- Assignment: Once the pictures are set aside, copy the records below exactly as they stand.
Records supplied section start
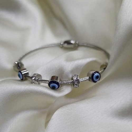 Made from a combination of silver, stainless steel, copper, brass, and alloy, this plain openable adjustable bracelet is both big and robust, making it suitable for both girls and boys. Its stylish design is perfect for parties, daily wear, and as a romantic gift for lovers, embodying themes of love, hearts, and the protective evil eye.
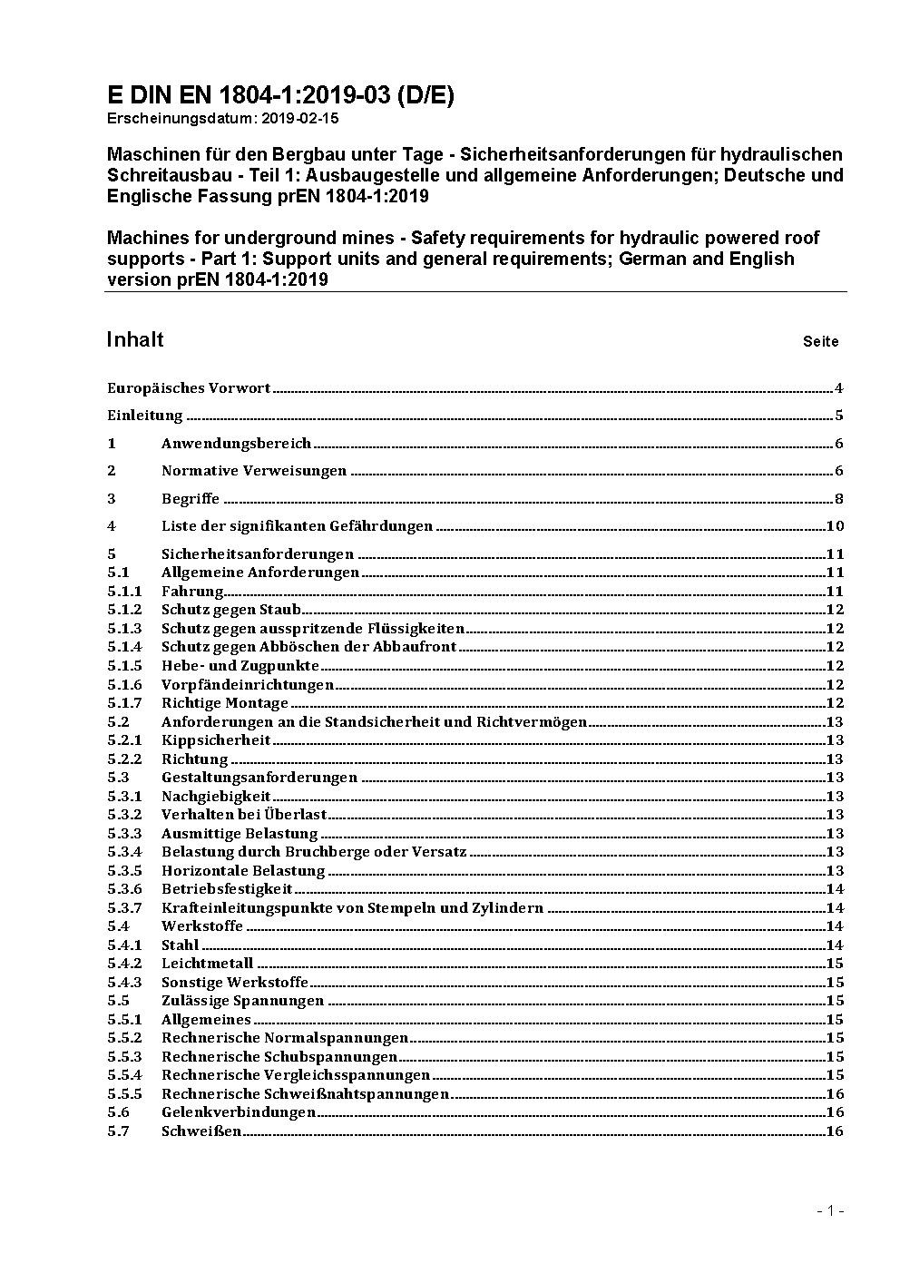 Maschinen für den Bergbau unter Tage - Sicherheitsanforderungen für hydraulischen Schreitausbau - Teil 1: Ausbaugestelle und allgemeine Anforderungen; Deutsche und Englische Fassung prEN 1804-1:2019
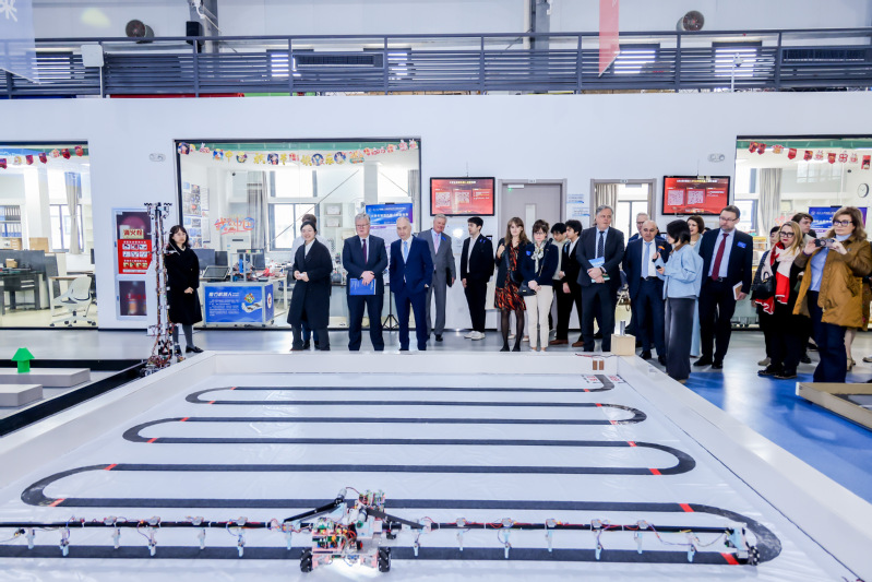 访问期间,双方举行了创新创业座谈会。管理学院吴晓波教授、中控技术总裁助理杨乐、云深处科技欧洲区销售总监张亚韬分别作了专题报告。代表团参观了机器人与智能装备学生创新实践基地,并与在校欧盟留学生代表亲切交流。
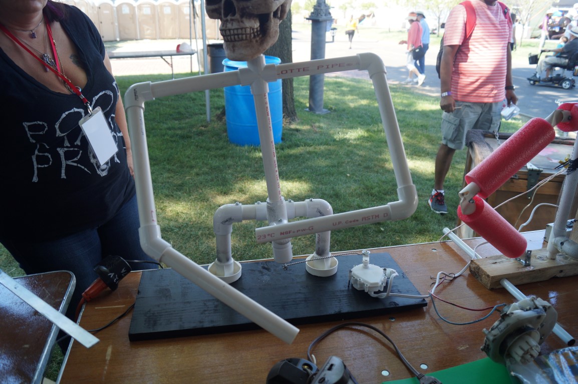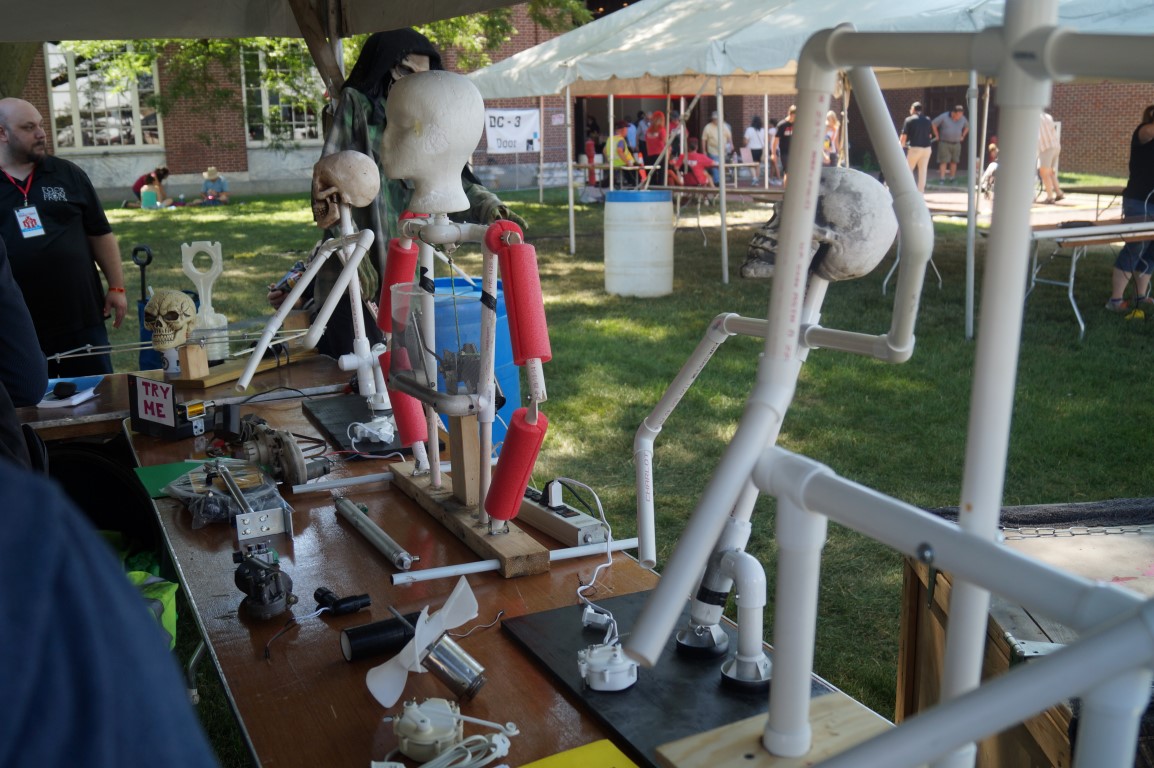 Poor Man Props is a club that designs simple halloween animatronics. These mainly consisted of PVC and a simple DC motor. The ideas were really clever! The cool part is, they publish all the plans for free on the internet.
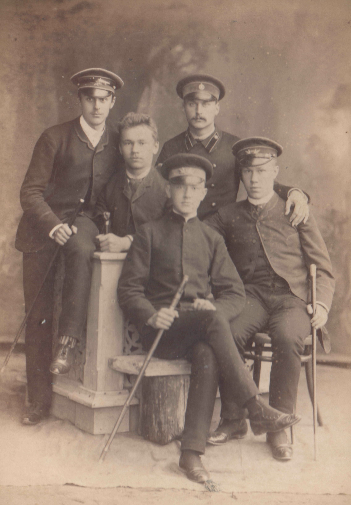 Фотограф Кудрявцев. Портрет молодых людей с тросточками. 1900-е гг.
Records supplied section end
- Response to this task:
 Made from a combination of silver, stainless steel, copper, brass, and alloy, this plain openable adjustable bracelet is both big and robust, making it suitable for both girls and boys. Its stylish design is perfect for parties, daily wear, and as a romantic gift for lovers, embodying themes of love, hearts, and the protective evil eye.
 Maschinen für den Bergbau unter Tage - Sicherheitsanforderungen für hydraulischen Schreitausbau - Teil 1: Ausbaugestelle und allgemeine Anforderungen; Deutsche und Englische Fassung prEN 1804-1:2019
 访问期间,双方举行了创新创业座谈会。管理学院吴晓波教授、中控技术总裁助理杨乐、云深处科技欧洲区销售总监张亚韬分别作了专题报告。代表团参观了机器人与智能装备学生创新实践基地,并与在校欧盟留学生代表亲切交流。
 Poor Man Props is a club that designs simple halloween animatronics. These mainly consisted of PVC and a simple DC motor. The ideas were really clever! The cool part is, they publish all the plans for free on the internet.
 Фотограф Кудрявцев. Портрет молодых людей с тросточками. 1900-е гг.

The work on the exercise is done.